The main research contents are as follows: set up the mathematical pattern of the ball screw system driven by the robot, single joint motor，site on this pattern as the managed object, on the basis of studying the classical PID manager, the model process of variable domain fuzzy PID manager is studied, and the control effect is simulated and verified by comparing with traditional PID on MATLAB [16]. Function verification was carried out on the optimized control system, test platform of the coal and gangue sorting robot, the managed effect of the modeled manager, and the reliability and feasibility of the developed control system were verified, which laid a foundation for the subsequent research on the coal and gangue sorting robot based on multimanipulator cooperative sorting.
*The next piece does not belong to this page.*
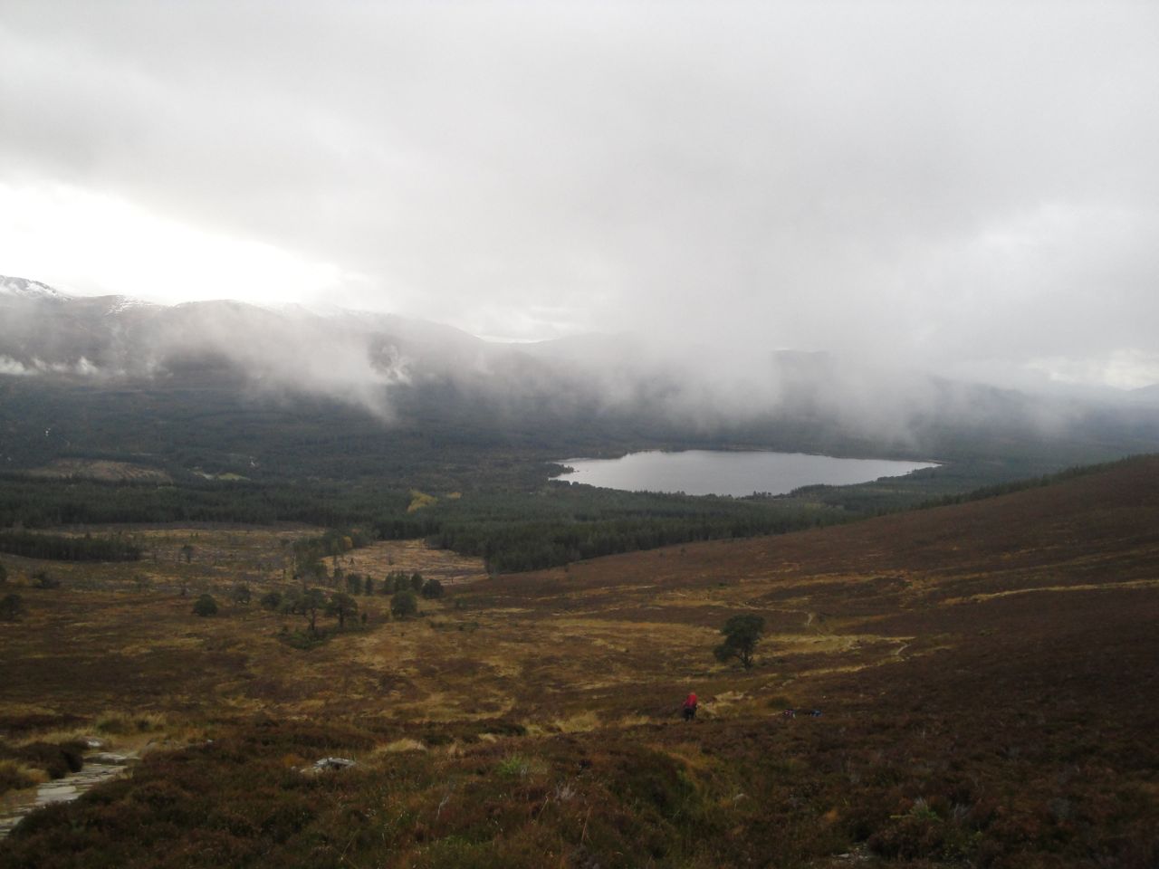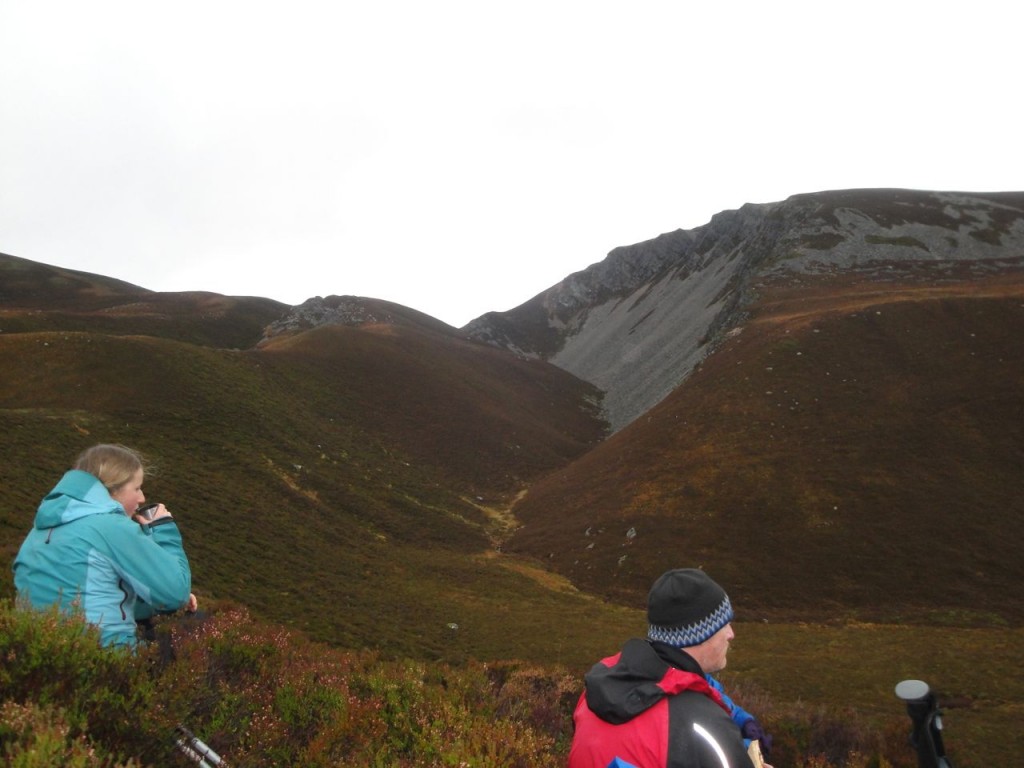From here we headed down past a small lochan and along curving spur down to Strath Nethy. Just past the lochan I took a tumble into the soft heather but found myself stuck on my back like a beetle on its back, until I was dragged back to my feet.
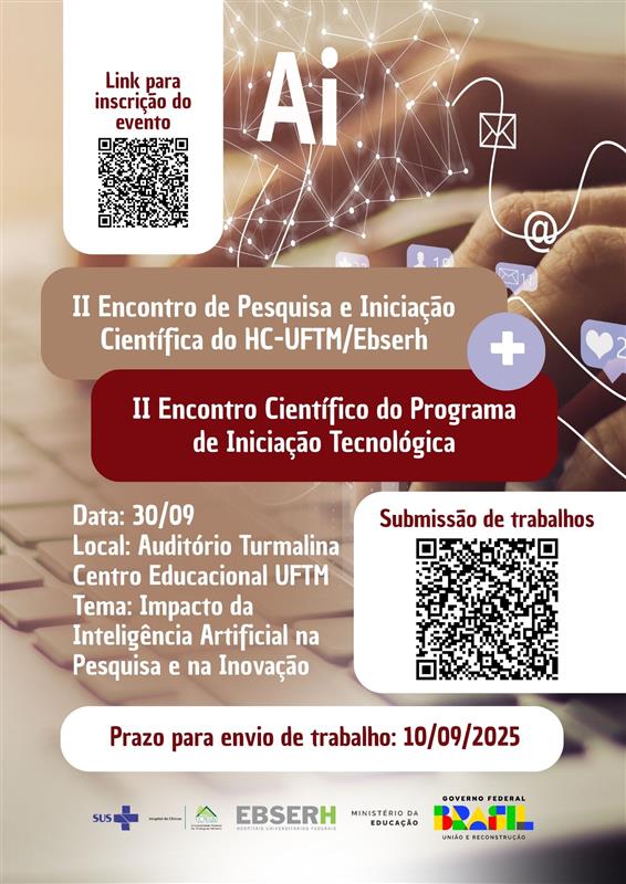 Dia 30 de setembro acontecerá, no Auditório Turmalina, o II Encontro de Pesquisa e Iniciação Científica do HC-UFTM/Ebserh e o II Encontro Científico do Programa de...

The variable domain fuzzy PID can accommodate the control framework online as stated in the different position mistake and mistake change rate, the design of the variable domain of input and output makes the fuzzy inference rules more fine locally, the adjustment speed is faster, and the tracking accuracy is further improved; therefore, it has finer tracking presentation than the traditional PID tracking management. The proposed strategy will assist robots in comprehending physical and logistical data patterns so that they may be proactive and behave appropriately. It will also help robots retain productivity by assisting them with dynamic engagement and obstacle avoidance. AI is assisting robots in detecting previously unseen things and recognizing objects in considerably higher detail. The novelty of the work lays in the fact that variable domain fuzzy PID can adjust the control parameters online in accordance with the different mistake and mistake change rate. Conclusively, the future replacement of manual labor by robots is a key trend. The usage of robots contributes to higher levels of societal output, which is critical for traditional manufacturing processes [17, 18].

2. Methods

A mathematical model for a single joint robot has been proposed and the rotation of the motor shaft of the robot has been recorded. Through the fuzzy algorithm and reasoning, the output of the fuzzy controller has been diffused by weighted average method, that itself completes the self correction of PID base parameters. The appropriate trajectory tracking control algorithm is studied to improve the motion characteristics of the manipulator as much as possible, so that it can progress in accordance with the craved path. Aiming at the problem that the parameters of traditional PID algorithm cannot be adjusted, the fuzzy self-tuning PID managed algorithm combined with fuzzy algorithm and PID is studied, to further improve the control accuracy, a variable domain adjustment part is added on the basis of fuzzy PID, the fuzzy domain can be changed according to the change of the input to improve the tracking accuracy of the trajectory.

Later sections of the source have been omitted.